Feb 01, 2018
DENVER – Denver’s airport is making progress to ensure airlines pay all the fees they owe, but there’s still room for improvement to ensure all money is collected in a timely and accurate manner. That’s according to a new follow-up report from Denver Auditor Timothy M. O’Brien, CPA, and his office.
“Airlines are one of the largest sources of revenue for the airport,” Auditor O’Brien said. “It’s essential to make sure the money is managed efficiently and effectively.”
The report looks at the progress made on 14 recommendations from a 2016 audit of DIA’s management of airline agreements. The most recent independently audited financial statements for DIA report that in 2014, 2015 and 2016, airline revenue represented 54%, 50% and 47% respectively of the total airline operating revenues. The original audit found weaknesses that impacted the airport’s ability to effectively collect some revenue from those airlines.
One area still in need of improvement is the process of receiving money from airlines and crediting them for the correct invoices and fees. Our audit team found, despite the 2016 recommendation, payments are still often misapplied and then staff has to contact the airline representatives to reconcile disputed transactions. Some misapplied payments could result in disputed accrued interest penalties and extra work for staff.
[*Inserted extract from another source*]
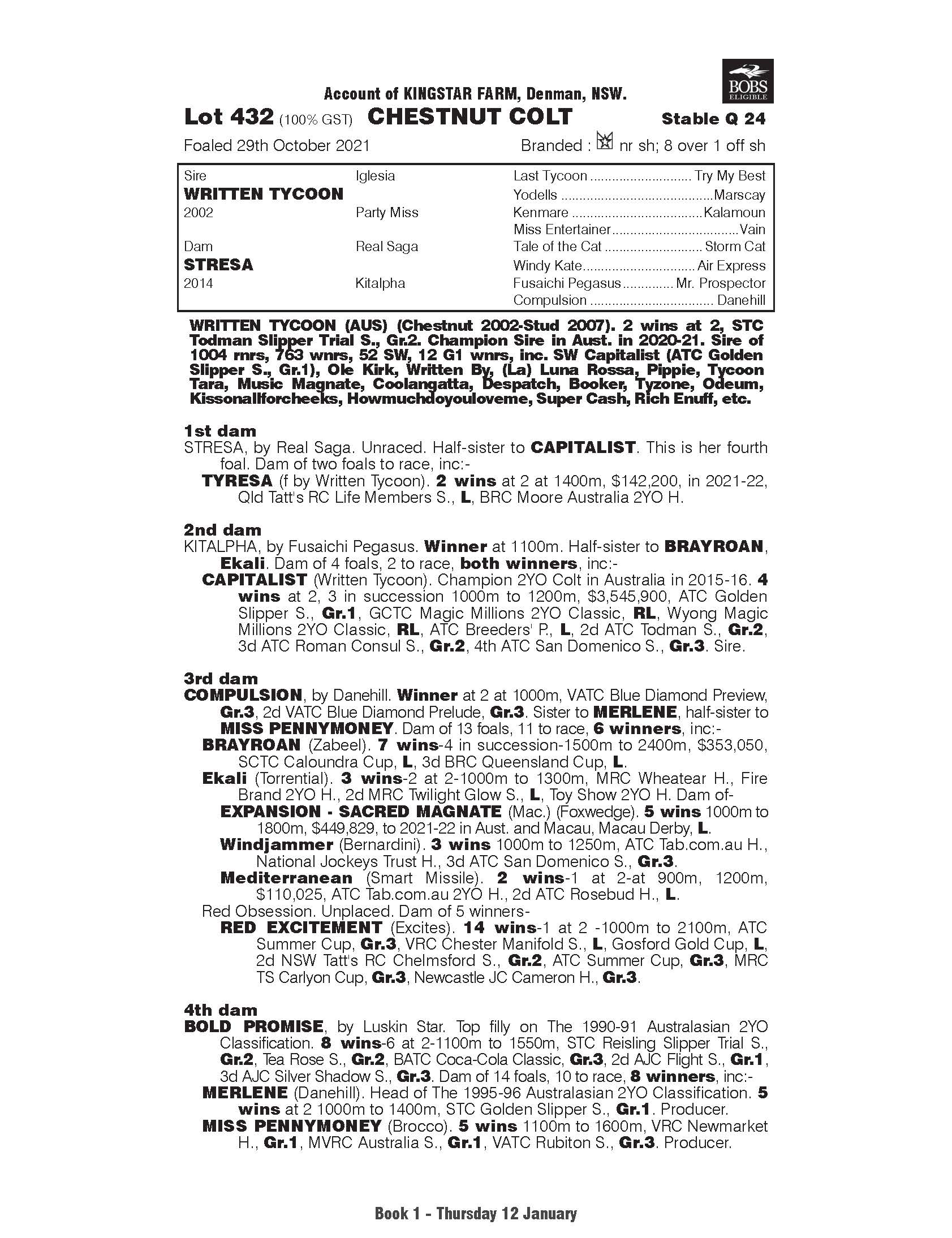 His Dam STRESA has also produced a 2YO Stakes Winning Full Sister named TYRESA and last week she produced a 2YO Winning filly named Queen Of The Mile (Written Tycoon), another Full-Sister to our Colt.

We also found some remaining room for improvement in the billing process of airline space changes. Airlines pay for space that they occupy in the terminal, on concourses and in some cases in hangars. As business needs change, airlines frequently request more, less or different space. Since the original audit, DIA has improved the procedures for identifying space changes and amending airline use and lease agreements, however there are still flaws in the timely billing of these changes, identifying new rates and generating new invoices.
We found airline space changes that occurred between January 2017 and June 2017 that had not been billed to airlines as of Nov. 1, 2017. The goal is to get space change billing updated within 30 days. Those in charge of following through on this 30-day requirement are not always successfully doing so. We found in 2017 some space change bills were not processed for billing for three to eight months.
We also found some flaws in the follow-through on cross training finance personnel staff to ensure no gap in duties related to properly applying payments and billing non-space revenue in a timely manner when one person is unavailable or leaves the organization. There is also still room for improvement in ensuring yearly space inspections happen. While the Policy and Procedures Guide now requires the inspections, there are no instructions for documenting and resolving concerns, or even a log to track that the inspections are completed.
There are several areas where the airport has made significant improvement. DIA’s senior vice president of airline affairs has started requiring a review of airline use and lease agreements twice a year. The airport has also improved controls to monitor liability insurance and surety bonds to ensure compliance with airline use and lease agreements.